- Joined
- Aug 12, 2005
- Messages
- 19,513
My other half (very tall, white, blond and blue-eyed all-American farm boy) once tried to tell me that most places are much safer than the media makes them out to be, and anecdotes are just that and should be taken as such, and that I was really worrying far too much about walking around (NYC and Chicago) by myself. In the middle of the Asian hate epidemic a couple years ago.
I cannot even fathom the amount of privilege it takes to say that to a smaller-statured Asian woman. I told him so in exactly those words. I’m getting angry just thinking about it.

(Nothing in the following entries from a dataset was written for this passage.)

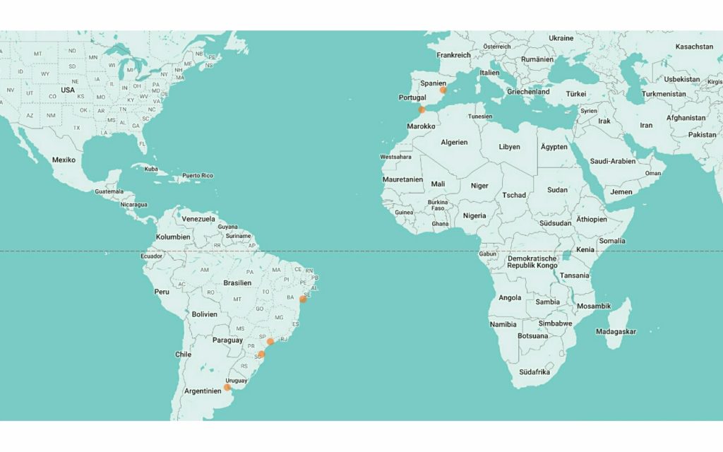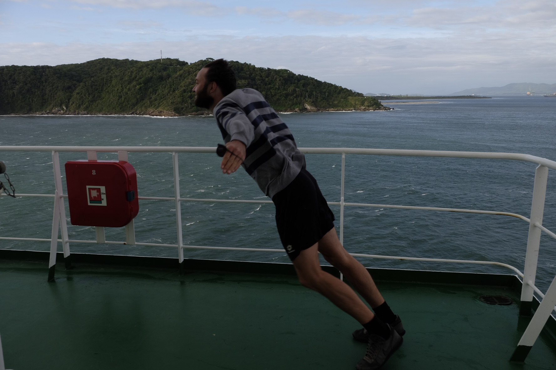 Ari hats als erstes gesehen. Das Land. Brasilien. Nach Tagen auf dem weiten Meer (siehe Tage im Blauen). Nach viel Zeit zum Fotografieren (wir haben 10x mehr Bilder als von der ganzen Zeit zuvor), nach Barbecue unter Rettungsboot, kurzen Plauderstunden im Cockpit mit super Crew und – uffff – wenig Schaukeln. Nun reiht sich Frachter an Frachter. Dann Hochhaus an Hochhaus. Darunter Strandleben mit Bars. Daneben teils armselige Baracken. Weiter hinten saftig grüner Regenwald. Gegensätze wie sie leider zu erwarten waren. Wieder entladen und beladen, genau wie zuvor in Europa. Eine ewige Schlaufe. Was? Wir wissen es nicht. Einmal sind wir es. Wir dürfen uns die Füsse in Itapoa vertreten. Dafür gibts einen Stempel in den Pass, judihuiiii.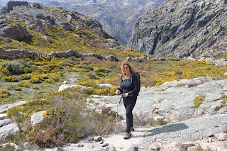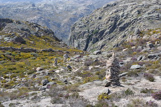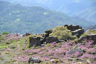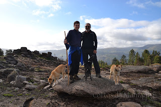 ( não temos nada contra quem quer conhecer nossas Montanhas, mas por favor façam-no de modo seguro assim é muito perigoso, pois não faziam a minima ideia por onde andaram) encontramos ainda um grupo de jovens que queriam ir a Porto da Lage mas de bicicleta onde apenas fixamos o nome João Almeida de Braga, conversamos um pouco e continuamos nosso trilho até Casa do Padre Julio passando e visitando Curral e Forno do Bitcho apreciando os Currais do Jumpereira, da Ponte e do Costa e depois o Curral do Carreira onde fletimos à esquerda até Mina do Borrageiros, onde fomos visitar o Altar de Sta Barbara Padroeira dos mineiros, uma volta pelas ruinas tentando imaginar como seria a vida num local tão agreste. Daqui como tempo passava decidimos seguir por Alcantara e visitar seu fojo, continuamos até Curral de Palma e descemos por Corga de Ruivós até Curral de Ruivós descendo até encontrar Rio Escalheiro onde fletimos à esquerda em direção a Pereira para descer até Pincães. Um Trilho cheio de cor e historia e ainda a companhia do Jovem David e da minha sempre companheira de todos os Trilhos a minha Célita da Montanha.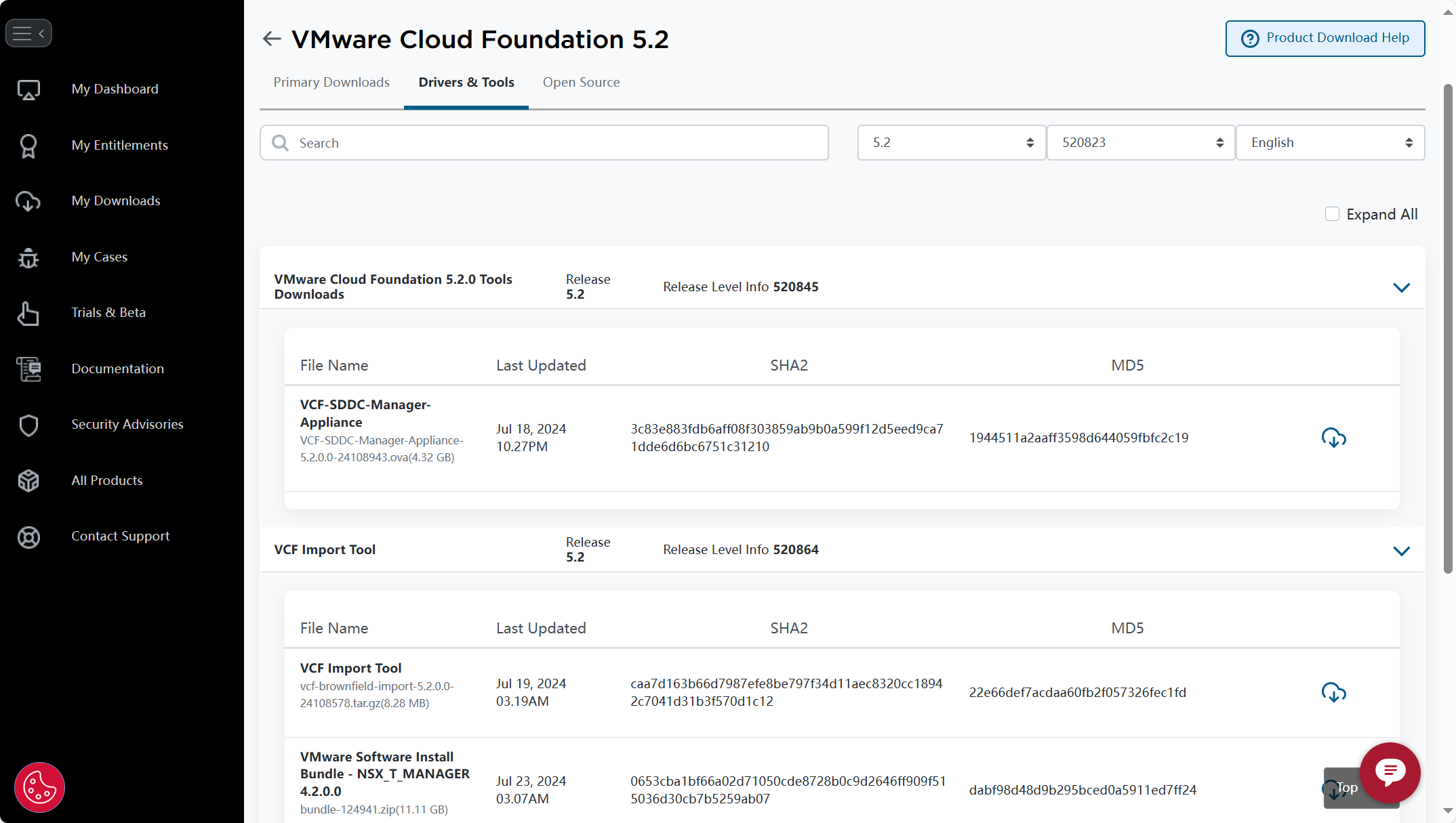 | VCF-SDDC-Manager-Appliance-5.2.0.0-24108943.ova | 1944511a2aaff3598d644059fbfc2c19 | https://pan.baidu.com/s/1lUbrN0zjLUUC1oB8L7ZRAg?pwd=lvx9 |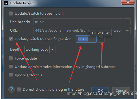 对勾打上,现在看到的后面的是head也就是最新的,或者,以前,我这就没选,那默认就是更新全部嘛。现在可以点击第三个箭头所指的地方,然后选择你要更新到哪个版本号,然后就可以啦。剩下的就不详细描述啦。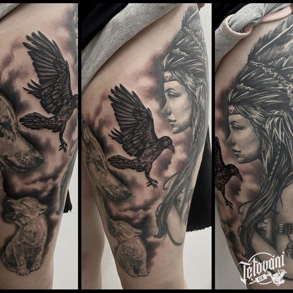 Tetování indiánská žena zvíře havran a vlk na stehno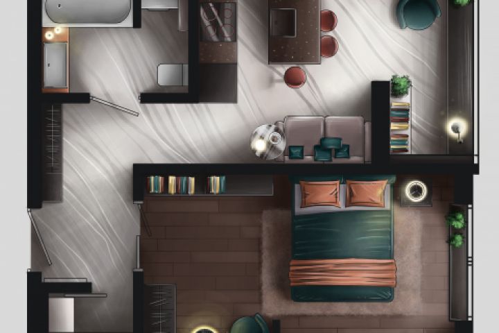 Мебель и материалы пола отрисовываю относительно вашего коллажа или фото.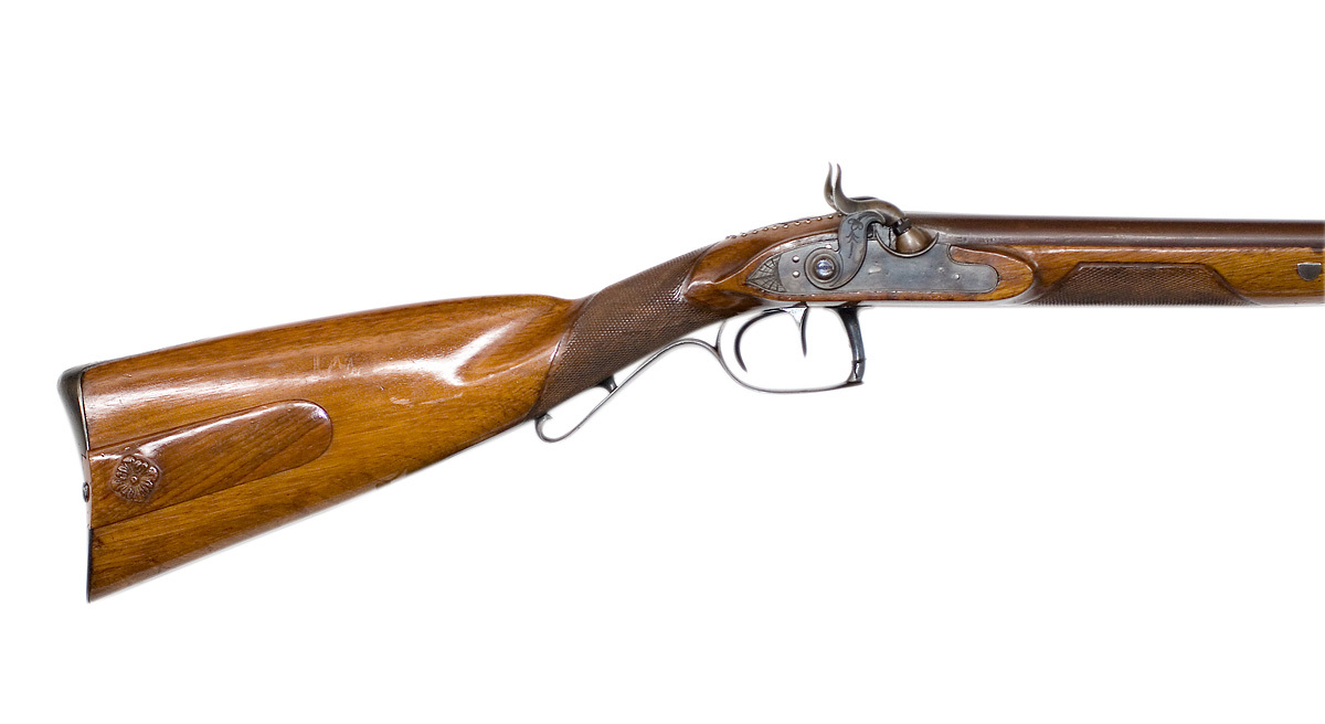 Slaglåsdubbelbössa, piporna med Liegestämplar ca 1820-1850.

He knows better now. Or at least knows to keep any thoughts like that entirely to himself. He’s a generally very sensible and empathetic person but occasionally this privileged cluelessness blunders through.
It’s really difficult to hear the “what’s the big deal? I’ve never experienced that, you’re overreacting” attitude.
I try not to get angry. I try to stay away from social media when I find the algorithm feeding me mainly feminist things that are empowering but also stir up negativity towards men in me. My mother cannot stand to talk to me about anything political or involving gender because I get so fired up.
When there is actual equality, I’ll calm down. But reading men’s comments about not having fear in a thread like this will continue to evoke feelings of rage in me until then.
ETA: it’s Friday night, I’ve had a glass of wine, and I’m raising a ‘tween daughter. I hope my fellow PSrs can forgive me for a little ranting. Wishing all of you a wonderful long weekend.